_TASK PROMPT_
Reproduce, exactly and in full, the lines from the one with "Mireille Loup was" through the one with "Palm 3-Piece Round" in the data below; drop pictures.

SUPPLIED INFORMATION Block Start

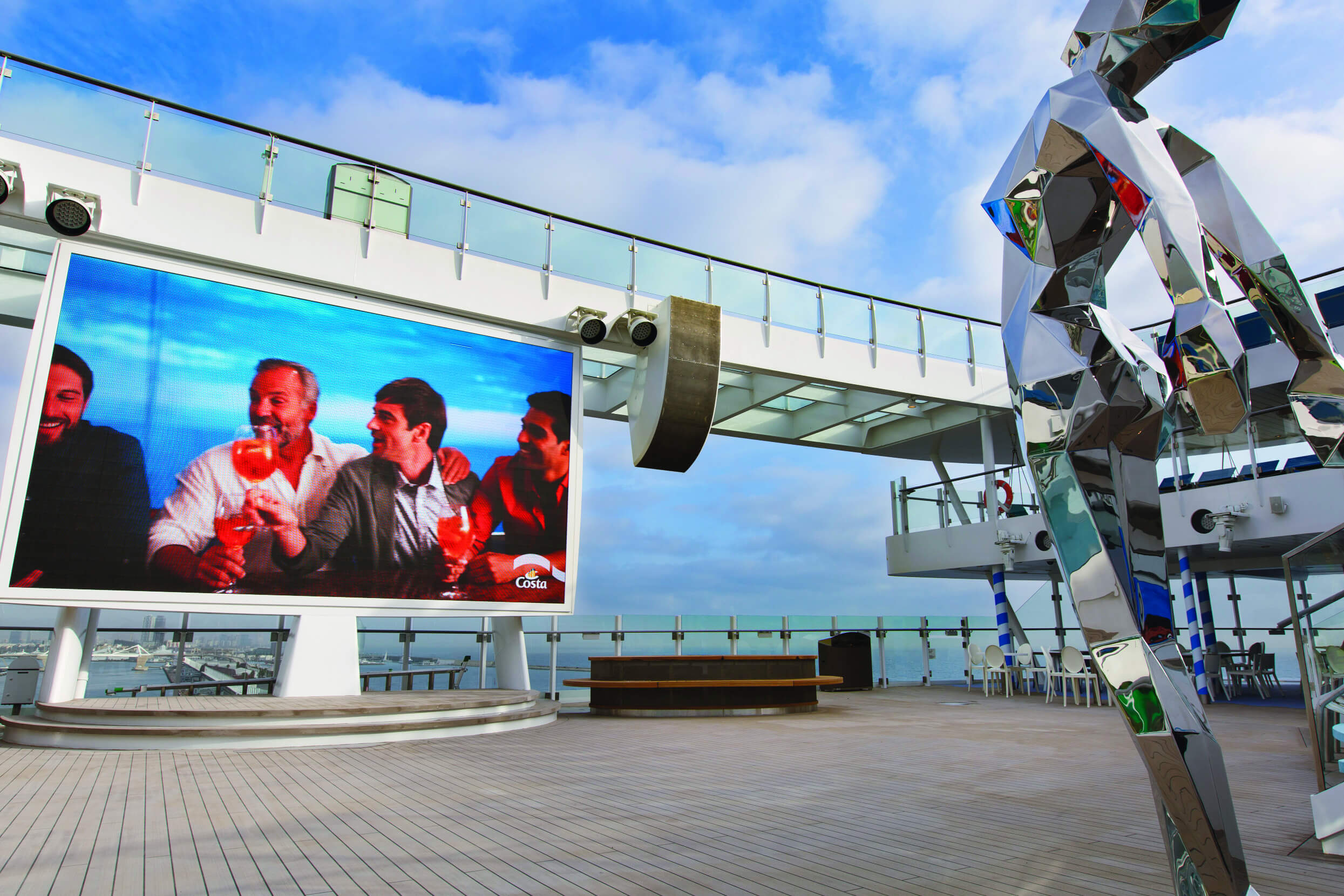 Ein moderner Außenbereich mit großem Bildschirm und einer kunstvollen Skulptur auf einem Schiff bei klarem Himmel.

SUPPLIED INFORMATION Block End
SUPPLIED INFORMATION Block Start

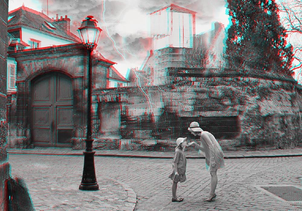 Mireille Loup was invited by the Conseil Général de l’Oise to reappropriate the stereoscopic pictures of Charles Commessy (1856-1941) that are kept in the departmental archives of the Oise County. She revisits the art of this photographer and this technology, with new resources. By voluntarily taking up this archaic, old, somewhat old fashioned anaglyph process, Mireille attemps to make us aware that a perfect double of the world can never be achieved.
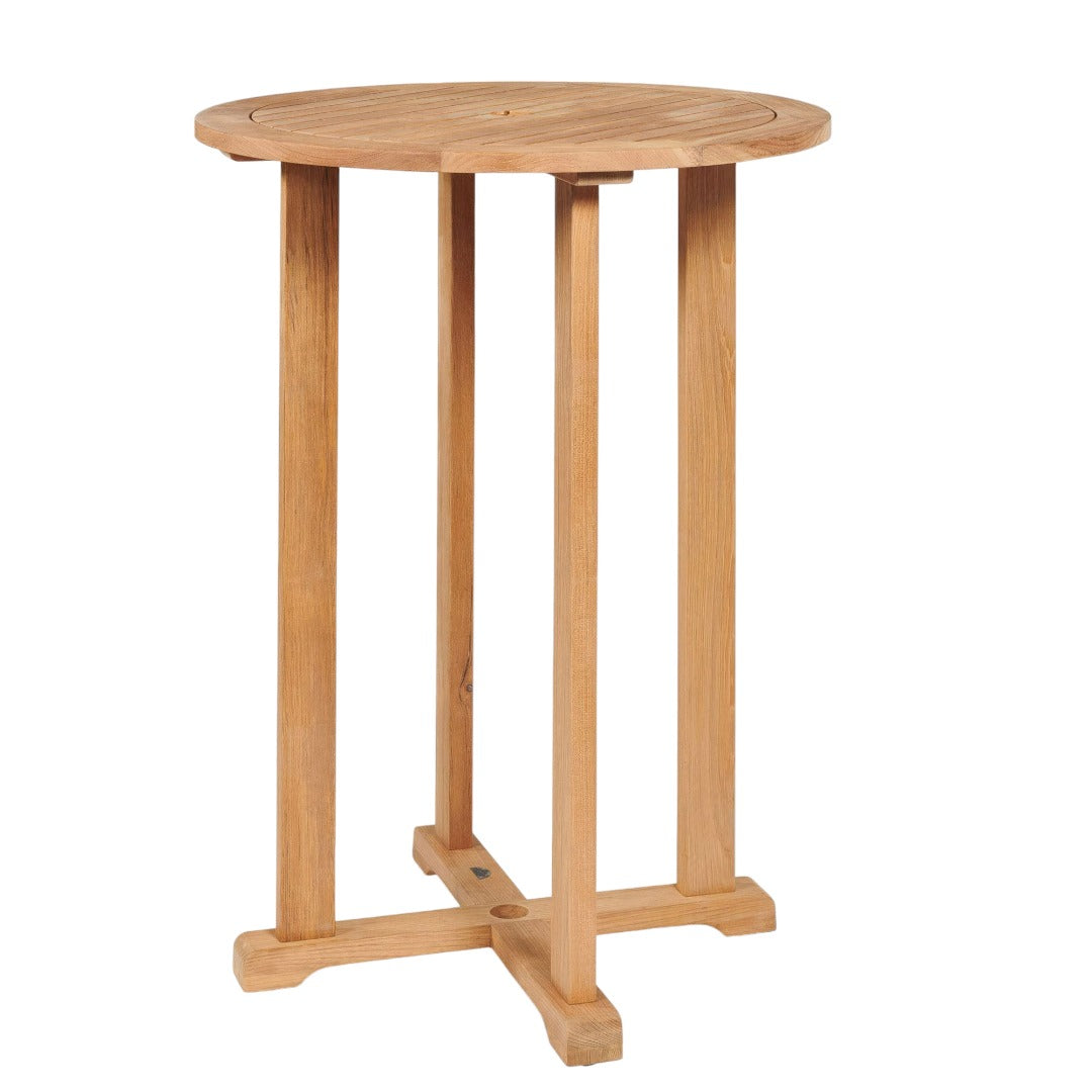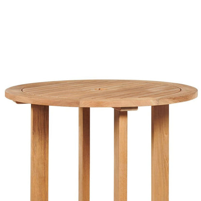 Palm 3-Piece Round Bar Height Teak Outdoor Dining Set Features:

SUPPLIED INFORMATION Block End

_RESPONSE_
 Mireille Loup was invited by the Conseil Général de l’Oise to reappropriate the stereoscopic pictures of Charles Commessy (1856-1941) that are kept in the departmental archives of the Oise County. She revisits the art of this photographer and this technology, with new resources. By voluntarily taking up this archaic, old, somewhat old fashioned anaglyph process, Mireille attemps to make us aware that a perfect double of the world can never be achieved.
 Palm 3-Piece Round Bar Height Teak Outdoor Dining Set Features:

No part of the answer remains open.